To better understand the users of our design system, we conducted interviews with product teams. Throughout all these sincere conversations, I started to notice some reocurring patterns. The following were some observations we made during these interviews that raised concerns about the fundamentals of a core balanced team:

  • Some designers were having trouble getting design system stories prioritized by their product managers.

  • Individuals who had been on a team for a long time became dominant voices during team discussion. Sometimes this even involved interrupting or shooting down other team members' concerns and suggestions.
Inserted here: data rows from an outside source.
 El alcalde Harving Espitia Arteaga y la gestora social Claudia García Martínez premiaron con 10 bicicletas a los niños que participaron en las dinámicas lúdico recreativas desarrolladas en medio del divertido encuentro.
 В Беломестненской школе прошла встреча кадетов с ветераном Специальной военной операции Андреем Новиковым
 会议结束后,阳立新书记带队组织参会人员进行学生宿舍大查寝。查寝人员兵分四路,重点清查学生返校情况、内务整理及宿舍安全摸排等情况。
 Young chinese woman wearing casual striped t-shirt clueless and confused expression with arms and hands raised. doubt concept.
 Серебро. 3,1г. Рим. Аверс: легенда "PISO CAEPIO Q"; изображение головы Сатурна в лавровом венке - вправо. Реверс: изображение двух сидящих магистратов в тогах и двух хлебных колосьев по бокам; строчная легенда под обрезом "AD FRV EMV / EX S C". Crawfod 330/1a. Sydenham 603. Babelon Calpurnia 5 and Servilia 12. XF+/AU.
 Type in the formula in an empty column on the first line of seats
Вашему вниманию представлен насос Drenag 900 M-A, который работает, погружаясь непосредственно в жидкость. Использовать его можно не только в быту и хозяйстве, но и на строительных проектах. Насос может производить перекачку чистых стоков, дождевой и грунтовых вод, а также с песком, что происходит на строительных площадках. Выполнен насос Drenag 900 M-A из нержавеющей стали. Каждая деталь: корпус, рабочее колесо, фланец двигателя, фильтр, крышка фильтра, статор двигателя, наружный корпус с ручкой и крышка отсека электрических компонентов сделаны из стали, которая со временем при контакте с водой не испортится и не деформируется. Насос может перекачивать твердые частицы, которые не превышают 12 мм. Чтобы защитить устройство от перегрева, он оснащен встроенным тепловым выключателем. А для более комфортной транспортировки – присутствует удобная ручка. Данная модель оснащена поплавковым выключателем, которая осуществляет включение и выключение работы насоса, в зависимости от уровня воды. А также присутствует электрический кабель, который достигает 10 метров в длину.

  • There was no clear direction on which components needed to be updated to be compliant, which led to a lack of communication from designers and engineers.
  • One team told us they had lost the trust of their users because of the lack of consistent experience across the portfolio of applications.
  • Teams were vocal about stories not matching the output of work, as well as stories needing to be smaller in scope.
  • During our remote interviews and design critiques focusing on the design system and consistency, most team members would not have their cameras turned on. This indicated tension in the teams and a lack of cohesion, requiring a team health check to inquire about balanced team fundamentals. 
  • Product managers were asking for clear outcomes and goals from the design system team to better understand how to incorporate these stories within their current backlog.
  • There were some differences in design system methodologies between individual contributors and the design system team as a whole. Some developers viewed the design system functioning as just a UI library, while some designers were designing for problems that the design system addressed functionally. 
  • Teams were battling design and technical debt. Additionally, the design system library wasn’t efficient enough for the rapid pace that teams required.

During our interviews, we learned that the majority of the teams comprehended and valued the intentions of the design system. They agreed that functionality should be streamlined across applications and that it would save time and effort when shipping software. So then why were teams so resistant to accomplishing adoption across the portfolio?
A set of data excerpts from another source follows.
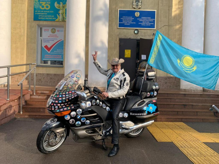 На выборы традиционно на своем мотоцикле приехал известный байкер Дмитрий Петрухин, который на своем "стальном коне" объехал почти весь мир.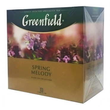 Чай "Greenfield" Spring Melody 40 пакетов в картонной упаковке.Чёрный индийский чай с душистыми травами и фруктовым ароматом. Приятная терпкость, присущая дорогим сортам индийского чая, пряный оттенок..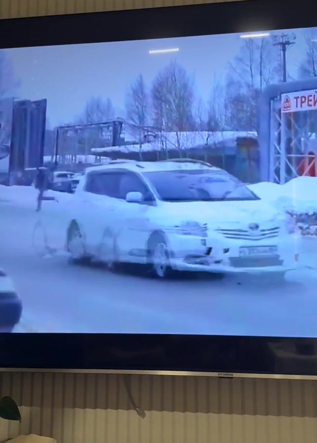 scene playing on a television. The setting appears to be a snowy landscape, likely a street or road, with parked cars in the background. A dark, four-legged animal, possibly a dog or a small bear, is seen crossing the road. A green bus passes by in the opposite direction. The camera is focused on the television screen, capturing the moving image. In the foreground, outside of the television, are a plant and a white pitcher on top of a wooden TV stand.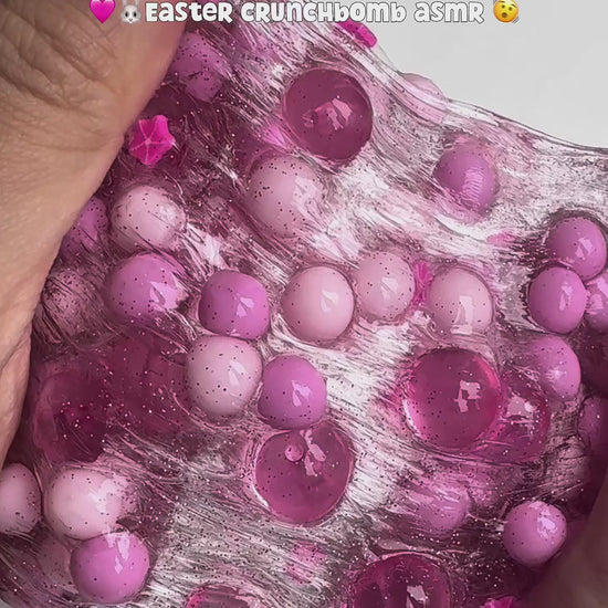 This glossy clear slime is loaded with jumbo beads, guntil beads and glitter for maximum crunch and crisp bubble pops. The stretchy base keeps everything coated and clicky, while the mix of textures creates that addictive squeeze-and-pull sound. An ASMR wonderland!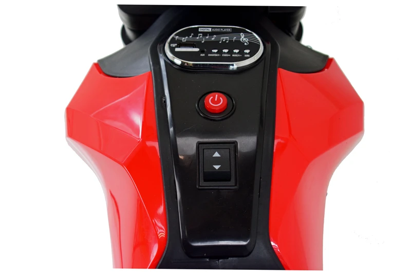Panel z dźwiękami ( dźwięki odpalania motocykla) z wejściem USB i AUX i oświetlenie pojazdu ( światła) umili o urozmaici zabawą.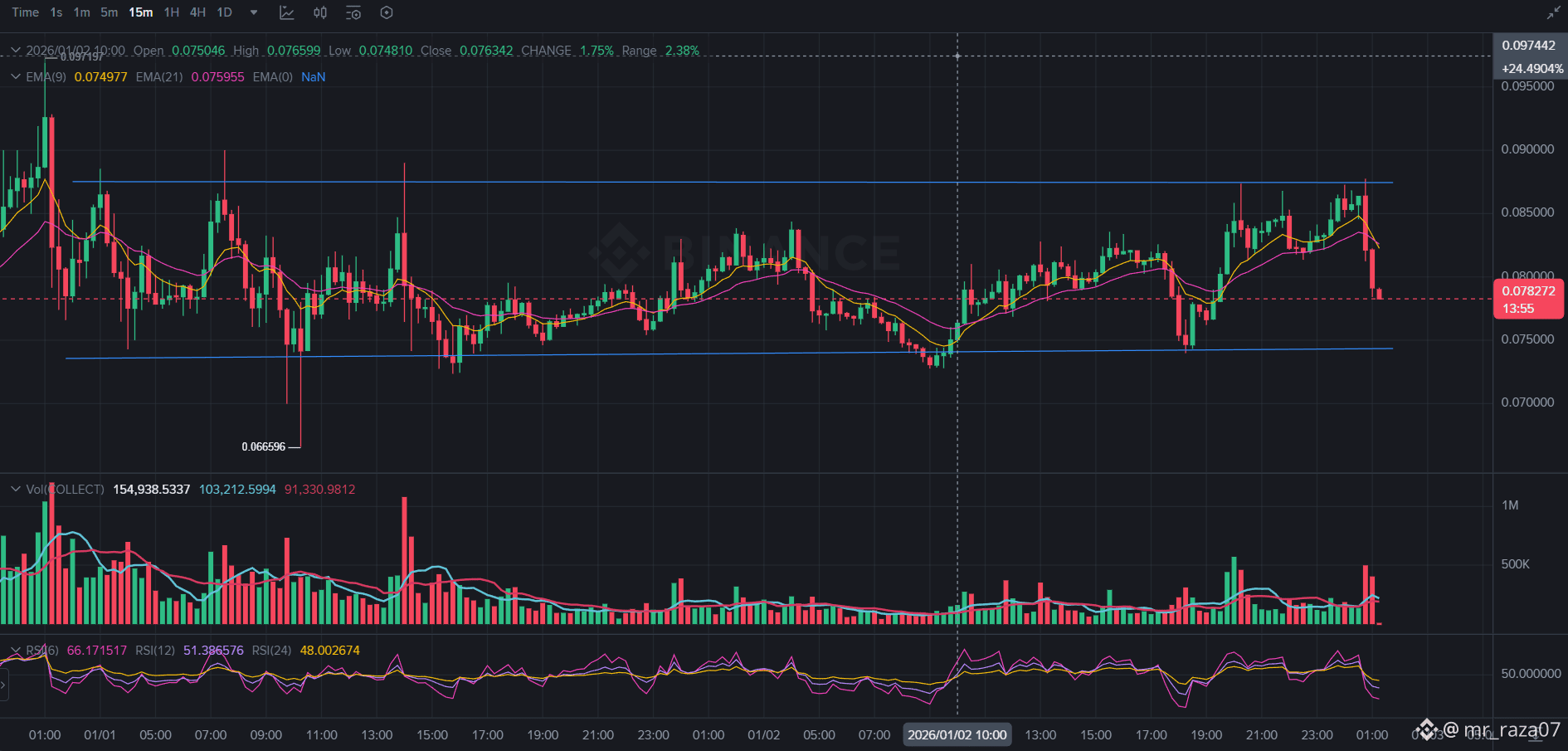 $COLLECT is showing strength on the 15-minute chart after a clean bounce off support. Price is now trading above key EMAs with rising volume and improving RSI — signaling bullish momentum.

Another operational gap we found was that portfolio leaders had competing priorities that negated the outcomes and goals of the design system team. The portfolio product manager that was meeting with app teams on a weekly basis communicated (unbeknown to the design system team) that they were not to focus on design system stories. There was a company-wide deadline that needed to be met, so from their perspective, that was the priority. This resulted in a deprioritization of this effort and accountability was lost in the abyss. As you can gather, the more individuals we spoke to about achieving adoption, the more opportunities were available to define clear operations for this engagement's goal and achieving alignment through collaboration, knowledge sharing, and upskilling efforts.

We collected, synthesized, and brainstormed various operational solutions to fill in the gaps of accountability. After collecting this data and presenting it to leaders and involved team members, I had some discussions with the design director about some of the insights gathered during our interviews. I proposed to do a round of team health checks to validate some of my assumptions that there might be some underlying core balanced team issues at hand.

Outcomes

Over the course of two weeks, there were a lot of candid and positive conversations. Teams communicated honestly about things they did and didn’t understand. They also openly discussed the ways they could improve and how they could adapt processes that were not working efficiently. After measuring the results into a quantitative format, I met with leaders of the organization.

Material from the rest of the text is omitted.